00 61 73 6D 0D 00 00 00 01 86 80 80 80 00 01 60
01 7F 01 7F 03 82 80 80 80 00 01 00 04 84 80 80
80 00 01 70 00 00 05 83 80 80 80 00 01 00 01 06
81 80 80 80 00 00 07 96 80 80 80 00 02 06 6D 65
6D 6F 72 79 02 00 09 5F 5A 35 61 64 64 34 32 69
00 00 0A 8D 80 80 80 00 01 87 80 80 80 00 00 20
00 41 2A 6A 0BCopy the code

This is the “binary” representation of the module. “Binary” is quoted because it’s actually written in hexadecimal, but it’s easy to turn it into binary or human-readable decimal notation.

For example, here are the various representations of num + 42.

How does the code work: stack-based virtual Machines

If you’re curious about how it works, this picture shows you what the instructions do.

Notice from the figure that the addition operation does not specify which two numbers to add. This is because WebAssembly is a “stack-based virtual machine” mechanism. That is, all the values required by an operator are stored on the stack before the operation takes place.

All operators, such as addition, know how many values they need. The addition takes two values, so it just takes two values from the top of the stack. Add instructions can be made shorter (single byte) because instructions do not need to specify source registers and destination registers. This also makes.wasm files smaller, which in turn makes loading.wasm files faster.

Although WebAssembly uses stack-based virtual machines, that’s not how it works on real physical machines. When the browser translates WebAssembly to machine code, the browser uses registers, and the WebAssembly code does not specify which registers to use. This has the advantage of giving the browser maximum freedom to make the best register allocation itself.

Components of the WebAssembly module

In addition to the above,.wASM files have other parts, often referred to as parts.
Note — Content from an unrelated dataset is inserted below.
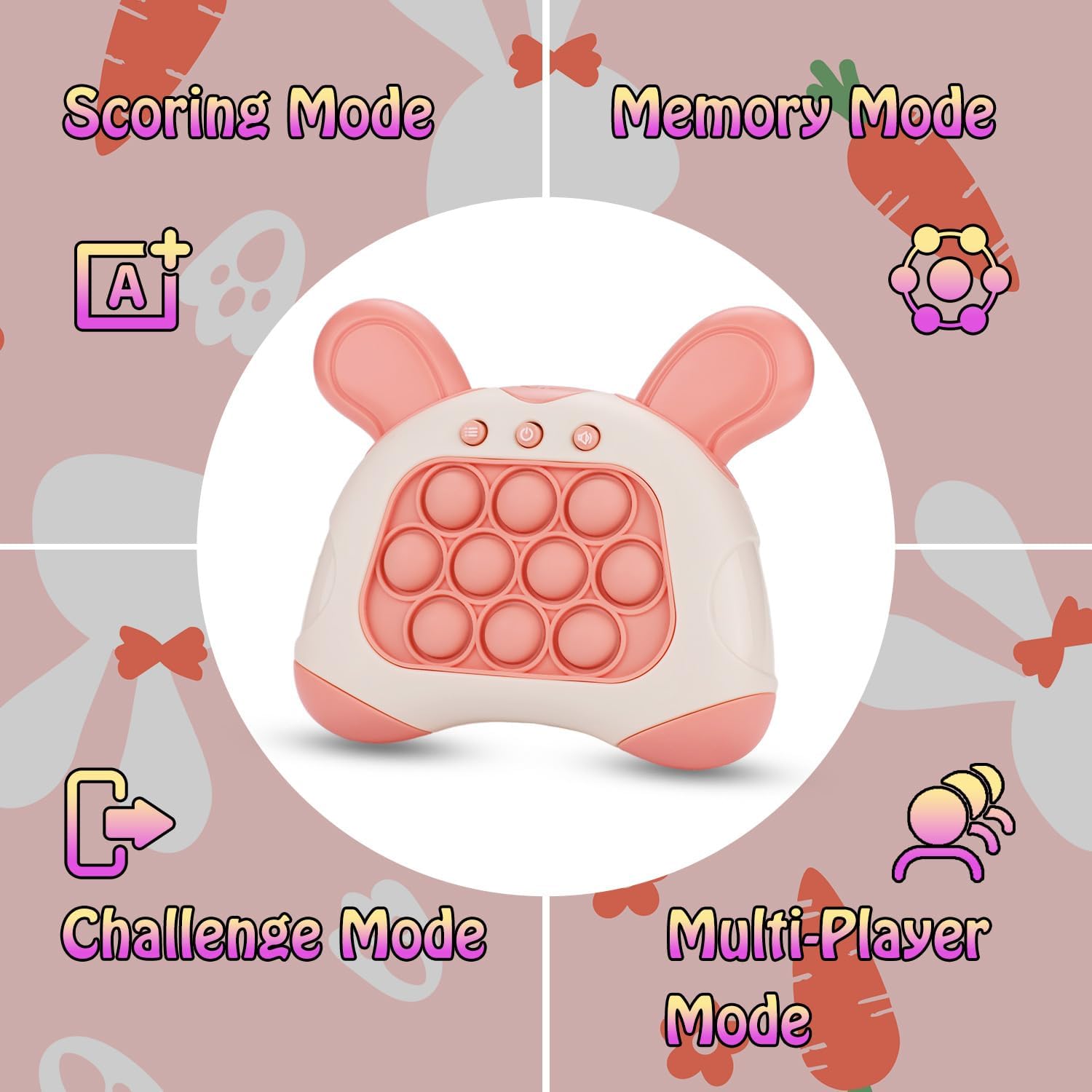 Fast Push Game, Bunny Ear Handheld Speed Push Bubble Game Console, Light up Pop Game Sensory Fidget Toys for Kids, Autism Sensory Toys,Birthday Easter Toy for Boys Girls Adults(Pink)

Some components are required for modules, and some are optional.

Required parts:

The Type. Function declarations for functions defined in a module and all function declarations introduced into the function.
The Function. Gives an index for each function in the module.
Code. The actual function body of each function in a module.

Optional parts:

Export. Make functions, memory, tables, global variables, and so on visible to other WebAssemblies or JavaScript, allowing dynamic linking of some separately compiled components, namely WebAssembly versions of.dll.
Import. Allows importing specified functions, memory, forms, or global variables from other WebAssemblies or JavaScript.
Start. A function that runs automatically when a WebAssembly module is loaded (similar to the main function).
Global. Declare global variables for a module.
The Memory. Define the memory used by the module.
The Table. Allows mapping to values outside the WebAssembly module, such as to JavaScript objects. This is useful for indirect function calls.
The Data. Initialize memory.
Element. Initialize the table.

If you want to learn more about the parts, you can learn more about them in how to Use Parts.

The following warning

Now that you know how the WebAssembly module works, here’s why WebAssembly runs faster.

I’m currently working on a little book called React.js.

WebAssembly Series (4) How WebAssembly works

Where does WebAssembly fit in?

Compile to the.wasm file

Load a.wasm module into JavaScript

Wasm file structure

How does the code work: stack-based virtual Machines

Components of the WebAssembly module

The following warning

Related Posts

The most “understanding” Promise fulfillment you’ll ever see

Preliminary discussion on taro’s multi-practice

Do you think of IntersectionObserver when you want to implement lazy image loading?